Lu Rugao tampoco esperaba en absoluto que hubiera otra persona en el armario, y que además fuera su mejor amiga.
Chen Xiao esbozó una sonrisa en la comisura de sus labios.
Luego, le dio la vuelta a Lu Rugao, haciendo que quedara de cara al armario. De esta manera, Su Linger podía ver claramente cada sutil expresión en el rostro de Lu Rugao.
Su corazón latía salvajemente, su rostro estaba tan rojo como si tuviera fiebre, y, agachada dentro del armario, casi no podía mantenerse en pie, sintiendo instintivamente una ligera excitación.
Después de un largo rato…
Lu Rugao yacía sobre el pecho de Chen Xiao, sintiendo su firme tórax, la fatiga y la marea que se retiraba de su cuerpo.
En ese momento, Su Linger también se mordió con fuerza los labios rojos, reclinándose contra el armario…
Esta tortura por fin había terminado.
Tras descansar un rato, Lu Rugao sintió que recuperaba un poco de fuerza.

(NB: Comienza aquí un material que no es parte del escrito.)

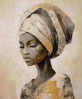 Een ingetogen maar krachtig portret van een Afrikaanse vrouw, gehuld in een traditionele hoofddoek met gouden accenten. De verfstreken zijn ruw en expressief, maar stralen zachtheid en waardigheid uit, alsof haar stilte een verhaal vertelt over identiteit, cultuur en innerlijke kracht. Dit kunstwerk is geïnspireerd op klassieke schildertechnieken en Afrikaanse elegantie.
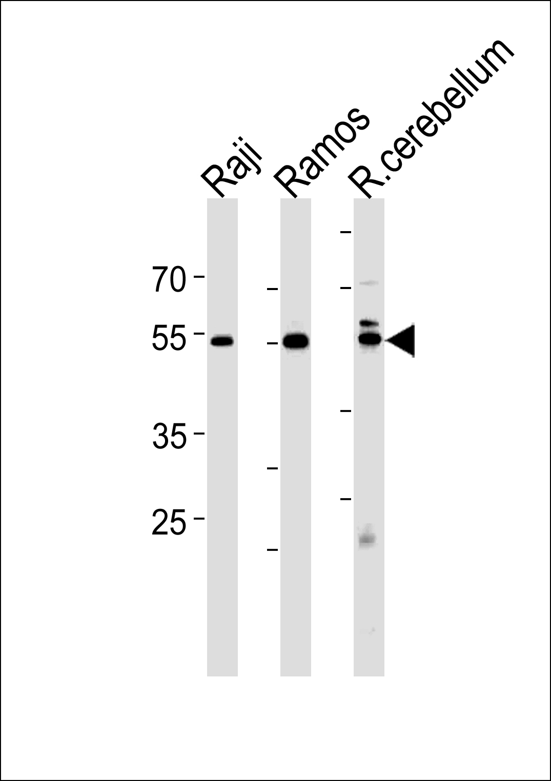 CD24 Antibody (N-Term) (Cat. APG02485G) western blot analysis in Raji,Ramos cell line and rat cerebellum tissue lysates (35ug/lane).This demonstrates the CD24 antibody detected the CD24 protein (arrow).

Entonces, levantó la cabeza para mirar a Chen Xiao con una expresión extremadamente reacia.
—¿Es suficiente esta sinceridad?
—Está bien —se encogió de hombros Chen Xiao—. Quizás por la presencia de Su Linger, hoy también lo había disfrutado extraordinariamente.
Esa sensación no era algo que se experimentara habitualmente.
—Entonces, me prometiste que salvarías al Sr. Su. Aunque Ling’er te guarde un poco de rencor, me ha ayudado mucho. No puedo ignorar esto.
—De acuerdo —dijo Chen Xiao con indiferencia—. Recuerda que acepté por ti. De lo contrario, no me importaría si esos idiotas de la Familia Su viven o mueren.
Esto lo dijo para que lo oyera Lu Rugao, y también para que lo oyera Su Linger.
El rostro de Lu Rugao mostró arrogancia, pero en su corazón había una pequeña satisfacción. Parecía que su posición en el corazón de él había mejorado ligeramente.
Su Linger también suspiró para sus adentros. ¡Le debía un gran favor a Lu Rugao!
—Ya me voy, mantén en secreto lo de hoy. No quiero que Ling’er se entere —dijo Lu Rugao, cuyo tono se había vuelto frío de nuevo tras el breve descanso.
Especialmente después de vestirse, parecía volver a ser aquella altiva y poderosa Presidenta Lu.
Chen Xiao se rio burlonamente.
—¿Te pones los pantalones y ya no reconoces a la gente?
—Si no fuera por Ling’er, ¿crees que aparecería voluntariamente ante ti? —resopló Lu Rugao.
—Eso no lo sé; a lo mejor estabas pensando en ello. Tu cuerpo no puede mentir —dijo Chen Xiao, demasiado perezoso para debatir tales asuntos con ella.
Aquella mujer siempre era terca de palabra, pero honesta con su cuerpo, y a él le gustaba ver el momento en que la dura fachada de ella se desmoronaba por completo.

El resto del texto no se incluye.